WHAT THE TASK ASKS:
Only one span of the material below is wanted. Output it exactly, from the line with "Mit dekorativen Häkelmaschen" through the line with "Where texture meets", without any pictures.

RECORD EXCERPTS:
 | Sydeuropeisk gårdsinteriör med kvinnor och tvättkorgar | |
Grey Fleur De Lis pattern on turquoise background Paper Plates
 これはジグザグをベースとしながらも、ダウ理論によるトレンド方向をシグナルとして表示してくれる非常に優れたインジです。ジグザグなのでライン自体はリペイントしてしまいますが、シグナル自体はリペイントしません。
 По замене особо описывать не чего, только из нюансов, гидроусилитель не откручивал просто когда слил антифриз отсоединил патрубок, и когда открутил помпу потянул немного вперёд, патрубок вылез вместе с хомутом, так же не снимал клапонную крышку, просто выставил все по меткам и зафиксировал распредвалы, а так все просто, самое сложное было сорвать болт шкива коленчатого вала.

* * *

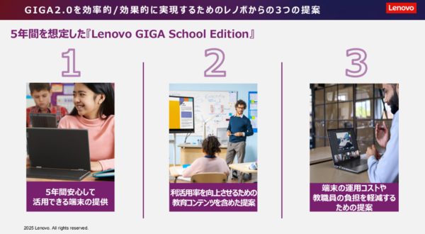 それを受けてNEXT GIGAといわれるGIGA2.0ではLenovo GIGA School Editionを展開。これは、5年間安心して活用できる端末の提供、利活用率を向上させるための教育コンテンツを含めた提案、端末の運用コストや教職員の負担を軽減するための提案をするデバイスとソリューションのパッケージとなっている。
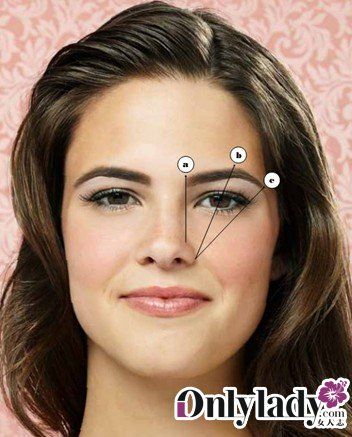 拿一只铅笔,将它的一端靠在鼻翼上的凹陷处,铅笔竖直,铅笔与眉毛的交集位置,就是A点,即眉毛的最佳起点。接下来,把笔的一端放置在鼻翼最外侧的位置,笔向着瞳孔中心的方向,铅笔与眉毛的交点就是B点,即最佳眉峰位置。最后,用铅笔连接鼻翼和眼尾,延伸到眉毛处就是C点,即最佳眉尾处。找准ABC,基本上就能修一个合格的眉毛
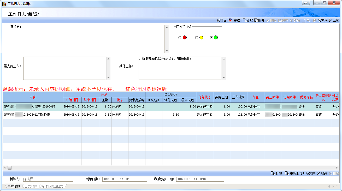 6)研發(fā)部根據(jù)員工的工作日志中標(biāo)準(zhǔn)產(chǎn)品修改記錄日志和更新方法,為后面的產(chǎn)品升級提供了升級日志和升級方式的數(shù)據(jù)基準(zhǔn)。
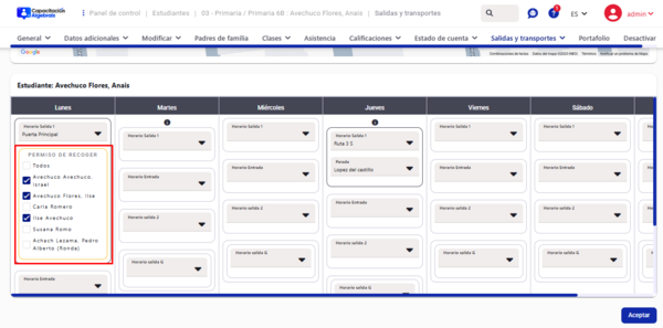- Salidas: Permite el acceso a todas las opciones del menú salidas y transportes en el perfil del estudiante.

...

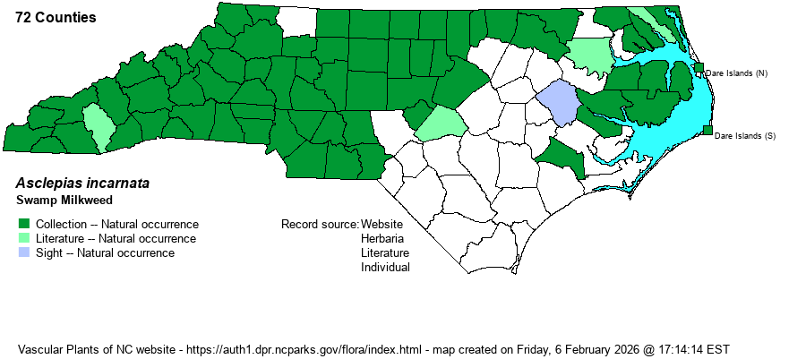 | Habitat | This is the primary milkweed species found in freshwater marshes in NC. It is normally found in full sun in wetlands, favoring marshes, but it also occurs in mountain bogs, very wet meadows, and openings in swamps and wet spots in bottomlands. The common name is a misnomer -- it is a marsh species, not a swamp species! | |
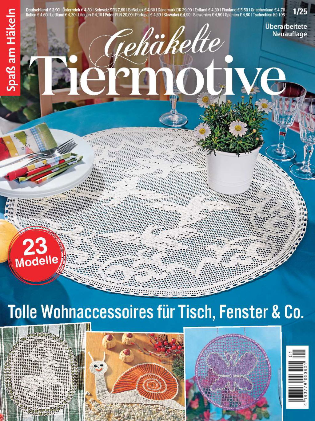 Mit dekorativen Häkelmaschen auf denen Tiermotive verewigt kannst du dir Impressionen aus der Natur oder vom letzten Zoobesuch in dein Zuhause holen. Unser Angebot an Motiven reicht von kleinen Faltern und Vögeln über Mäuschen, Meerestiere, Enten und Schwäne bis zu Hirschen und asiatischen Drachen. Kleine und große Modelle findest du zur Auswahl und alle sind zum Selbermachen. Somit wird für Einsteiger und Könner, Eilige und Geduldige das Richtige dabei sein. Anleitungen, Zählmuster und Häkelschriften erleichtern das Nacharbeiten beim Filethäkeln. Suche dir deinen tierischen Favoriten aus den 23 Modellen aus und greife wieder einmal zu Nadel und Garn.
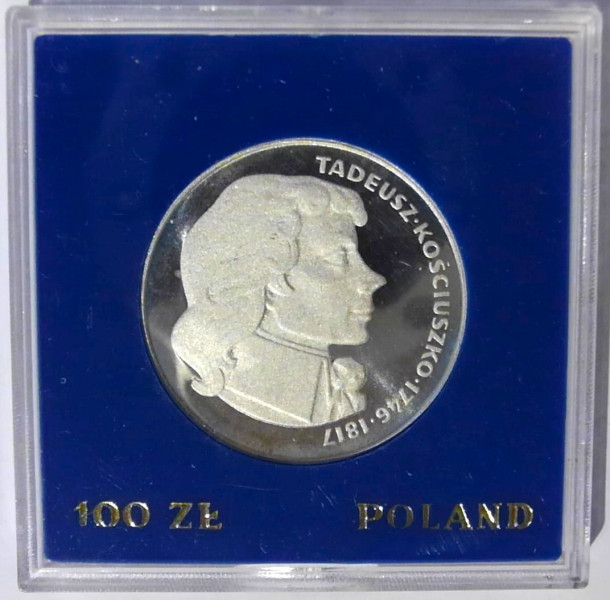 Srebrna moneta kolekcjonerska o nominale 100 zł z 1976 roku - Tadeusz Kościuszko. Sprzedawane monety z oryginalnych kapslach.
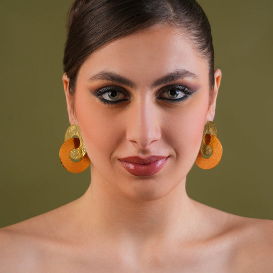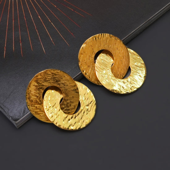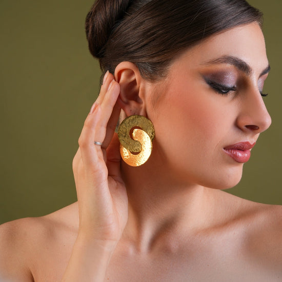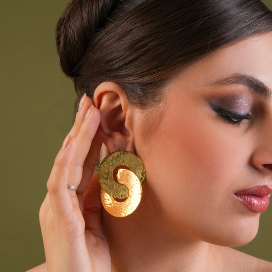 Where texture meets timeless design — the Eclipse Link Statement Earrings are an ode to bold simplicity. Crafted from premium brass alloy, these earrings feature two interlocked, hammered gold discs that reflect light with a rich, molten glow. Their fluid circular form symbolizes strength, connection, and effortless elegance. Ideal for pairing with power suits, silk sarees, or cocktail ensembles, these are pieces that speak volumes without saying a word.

TASK ANSWER:
 Mit dekorativen Häkelmaschen auf denen Tiermotive verewigt kannst du dir Impressionen aus der Natur oder vom letzten Zoobesuch in dein Zuhause holen. Unser Angebot an Motiven reicht von kleinen Faltern und Vögeln über Mäuschen, Meerestiere, Enten und Schwäne bis zu Hirschen und asiatischen Drachen. Kleine und große Modelle findest du zur Auswahl und alle sind zum Selbermachen. Somit wird für Einsteiger und Könner, Eilige und Geduldige das Richtige dabei sein. Anleitungen, Zählmuster und Häkelschriften erleichtern das Nacharbeiten beim Filethäkeln. Suche dir deinen tierischen Favoriten aus den 23 Modellen aus und greife wieder einmal zu Nadel und Garn.
 Srebrna moneta kolekcjonerska o nominale 100 zł z 1976 roku - Tadeusz Kościuszko. Sprzedawane monety z oryginalnych kapslach.
 Where texture meets timeless design — the Eclipse Link Statement Earrings are an ode to bold simplicity. Crafted from premium brass alloy, these earrings feature two interlocked, hammered gold discs that reflect light with a rich, molten glow. Their fluid circular form symbolizes strength, connection, and effortless elegance. Ideal for pairing with power suits, silk sarees, or cocktail ensembles, these are pieces that speak volumes without saying a word.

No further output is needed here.